[Start of section]

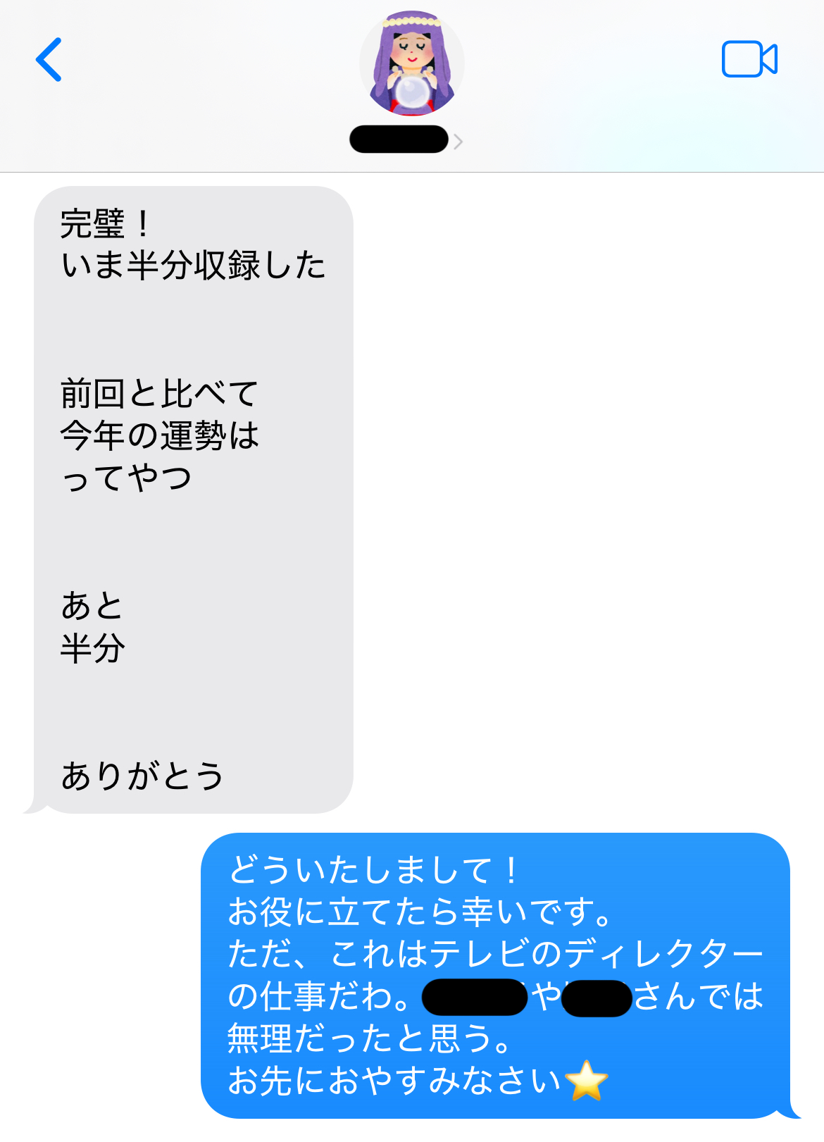 スマホで送った細切れの映像を見ながら収録なんてできるわけないだろう。いや、プロのテレビマンがするわけないだろう。しょうもないことさせられたオレの時間を返してくれ。そんなことを思いながら、無性に腹立たしい気持ちで眠りについた。後日放送を観てみると、案の定、私が送信した前回の放送はどこにも使われていなかった。スピ子は「前回と比べて今年の運勢はってやつ」と言っていたが、「前回と比べて」というのはどこにもなかった。「前回のがないと占えない」とも言っていたが、前回のを参考にすることなく、何の支障もなく占っている様子だった。いったいスピ子の魂胆は何だったのだろう? 私を弄びたいだけだったのか? 番組スタッフをディスりまくる必要はあったのか? 突然現れた新キャラ“事務所の社長ナマゴミさん”は何を仕掛けてくるのか? そしてなにより、私がリビングにいる間にサイコが帰ってきて修羅場になる展開じゃなかったんかーい! 壮大なドッキリにかけられる準備をしていたオレの緊張感を何かで補填しろ! しょうもないスピ子の暇つぶしに付き合わされた。
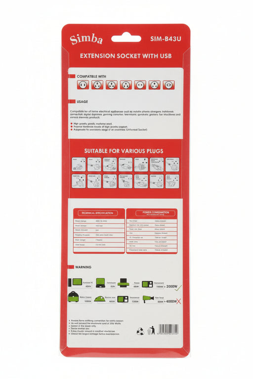 Murukali.comThe Simba Super Extension Socket SIM-B43U features 4 universal AC outlets and 3 USB ports, allowing multiple devices to be powered at once. It incl...
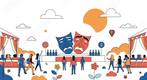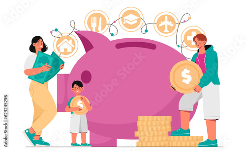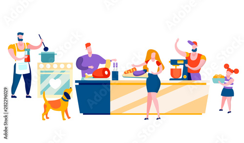 Micro characters carrying big Easter basket, painted egg, lighting candle on huge Easter cake with icing, vector flat illustration. Spring holiday celebration concept for web banner, website page etc.
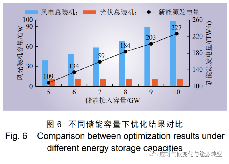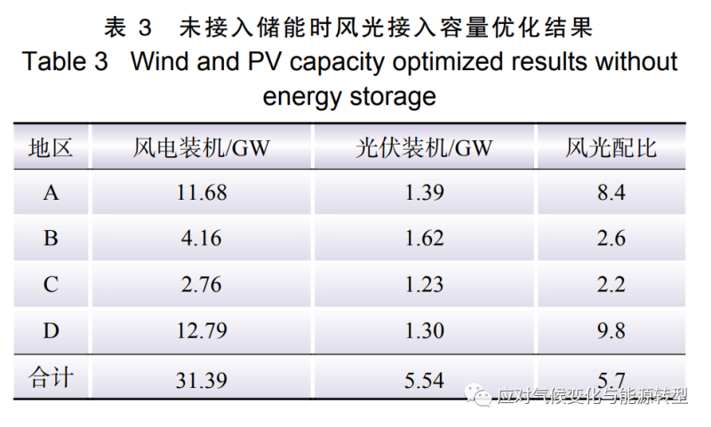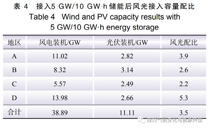 (3)論文的仿真結(jié)果顯示,由于風(fēng)電的利用小時(shí)數(shù)更高,廣域互補(bǔ)特性更強(qiáng),從源-荷匹配的角度來看,系統(tǒng)會(huì)優(yōu)先接納風(fēng)電(然而從各省已經(jīng)公布的“十四五”可再生能源規(guī)劃看,光伏的新增裝機(jī)容量普遍大于風(fēng)電。從全國(guó)總量上看,光伏新增裝機(jī)容量約為風(fēng)電的2倍,這與論文結(jié)論不太吻合。我們猜測(cè),各省能源主管部門在制定規(guī)劃時(shí),可能更多考慮的是光伏的多應(yīng)用場(chǎng)景和工程建設(shè)短平快的特點(diǎn),而對(duì)風(fēng)光資源的出力特性、互補(bǔ)特性以及系統(tǒng)的消納能力考慮不夠);由于光伏出力的日變化特性顯著,儲(chǔ)能與光伏的協(xié)調(diào)互補(bǔ)作用更加明顯,在接入儲(chǔ)能后系統(tǒng)的光伏接入容量會(huì)顯著增加(也就說,從風(fēng)光出力特性上看,光伏與儲(chǔ)能更加協(xié)調(diào)互補(bǔ),而風(fēng)電與“大電網(wǎng)”更加協(xié)調(diào)互補(bǔ))。
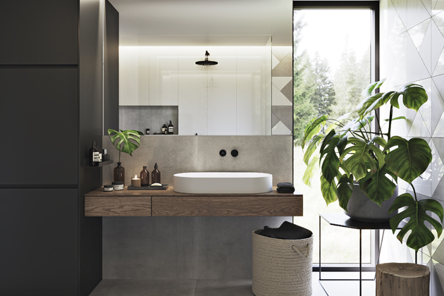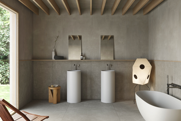 Obkladům imitujícím přírodní povrchy sluší velké formáty a minimální spára, která nechá vyniknout odchylky a nepravidelnosti ve struktuře i kresbě. Prostor tak získává punc autenticity.
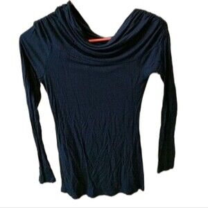 Navy Blue long sleeve top that hangs off your shoulder with stretchy material, size XS.
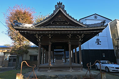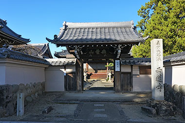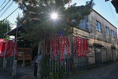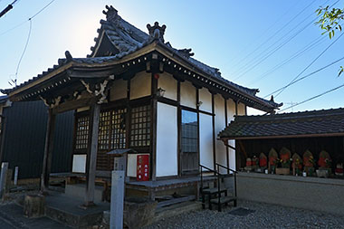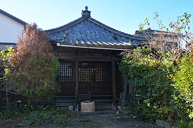 | 城下町の寺内町(じないちょう)にある一本松弘法大師堂。 | 町工場のような建物の前部に作られています。 | 満蔵院というお寺。831年創建という古いお寺らしいです。 |
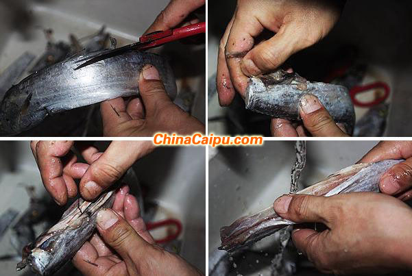 5、帶魚(yú)也可以提前做,將帶魚(yú)剪去邊上的魚(yú)鰭,然后剪去
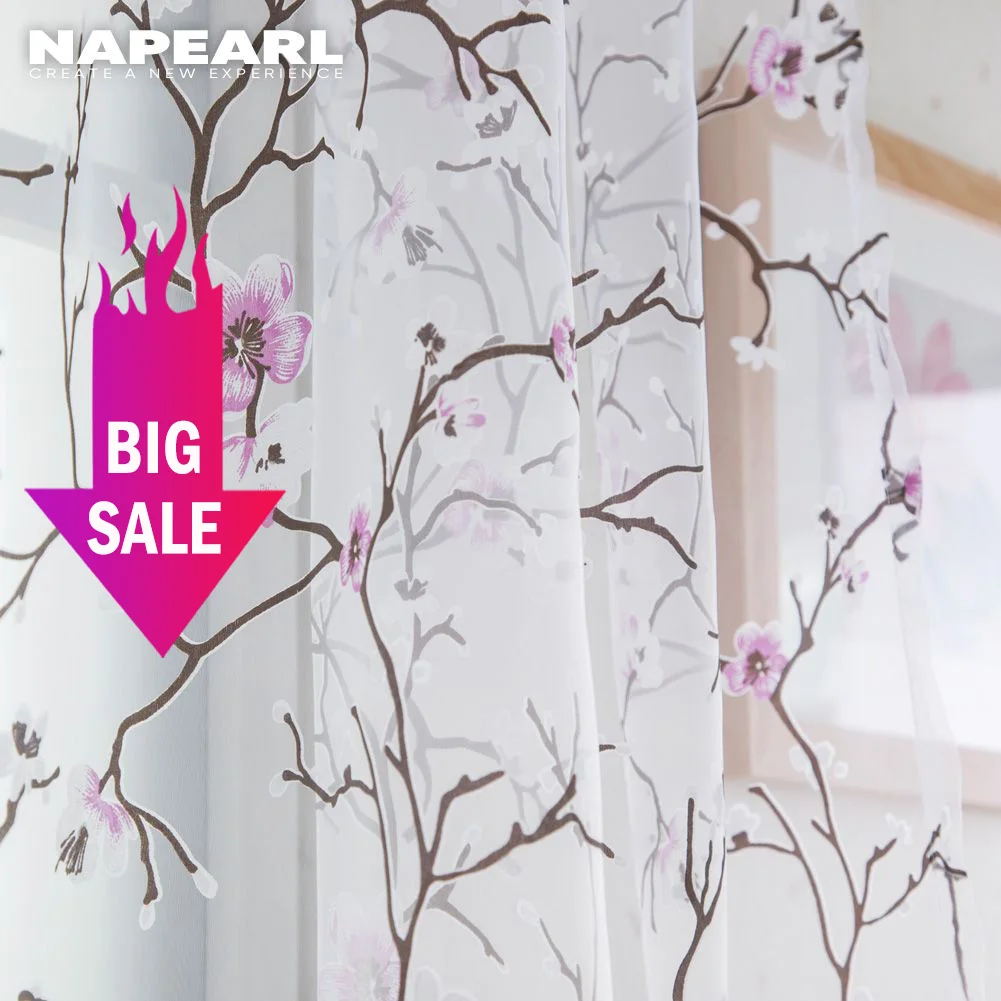 Ткани NAPEARL, 1 шт., цветочные тюлевые занавески, современные, фиолетовые, домашний текстиль, для кухни, короткие, для спальни, окна
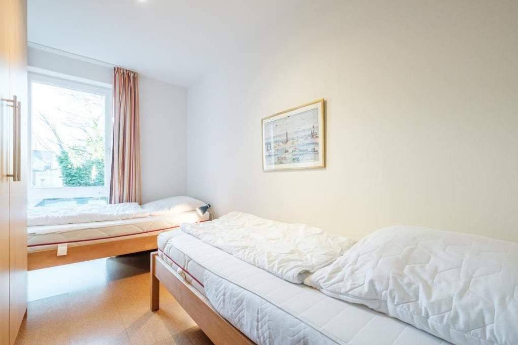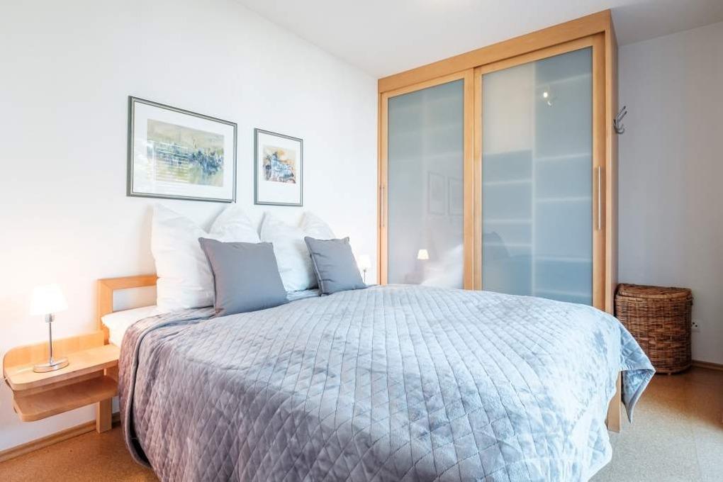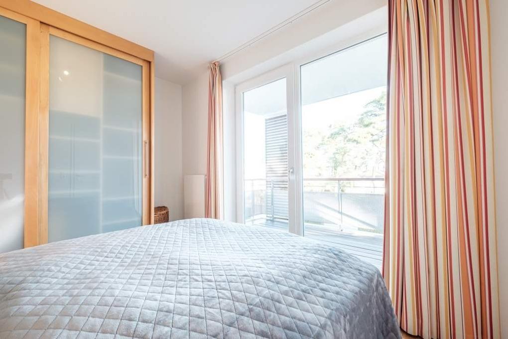 Das Elternschlafzimmer dieser Ferienwohnung ist mit einem Doppelbett (160x200cm) ausgestattet und verfügt über einen 2. Flatscreen-TV. Das zweite separate Schlafzimmer verfügt über 2 Einzelbetten (90x200cm). Um Ihnen einen erholsamen Schlaf zu garantieren, lassen sich die Schlafräume der Ferienwohnung verdunkeln. Der möblierte Balkon in Nord-Ost-Lage mit Blick Richtung Ostsee rundet dieses wunderschöne Urlaubsdomizil ab.
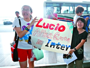 現(xiàn)場還有兩位女球迷顯得非常安靜,她們手上的自制海報寫著“Lucio Alles Gute in Inter(盧西奧,在國米一切順利)”,還高舉著拜仁的球衣,當盧西奧現(xiàn)身時,其中一位女球迷狂叫著“盧西奧”的名字,飛奔至國米大巴邊,被兩位保安攔下。

[End of section]

• WHAT TO WORK ON:
"Navy Blue long" marks the first line to copy, and "5、帶魚(yú)也可以提前做,將帶魚(yú)剪去邊上的魚(yú)鰭,然后剪去" marks the last. Repeat that stretch above exactly, with no pictures.

• ANSWER FOR THIS EXERCISE:
 Navy Blue long sleeve top that hangs off your shoulder with stretchy material, size XS.
 | 城下町の寺内町(じないちょう)にある一本松弘法大師堂。 | 町工場のような建物の前部に作られています。 | 満蔵院というお寺。831年創建という古いお寺らしいです。 |
 5、帶魚(yú)也可以提前做,將帶魚(yú)剪去邊上的魚(yú)鰭,然后剪去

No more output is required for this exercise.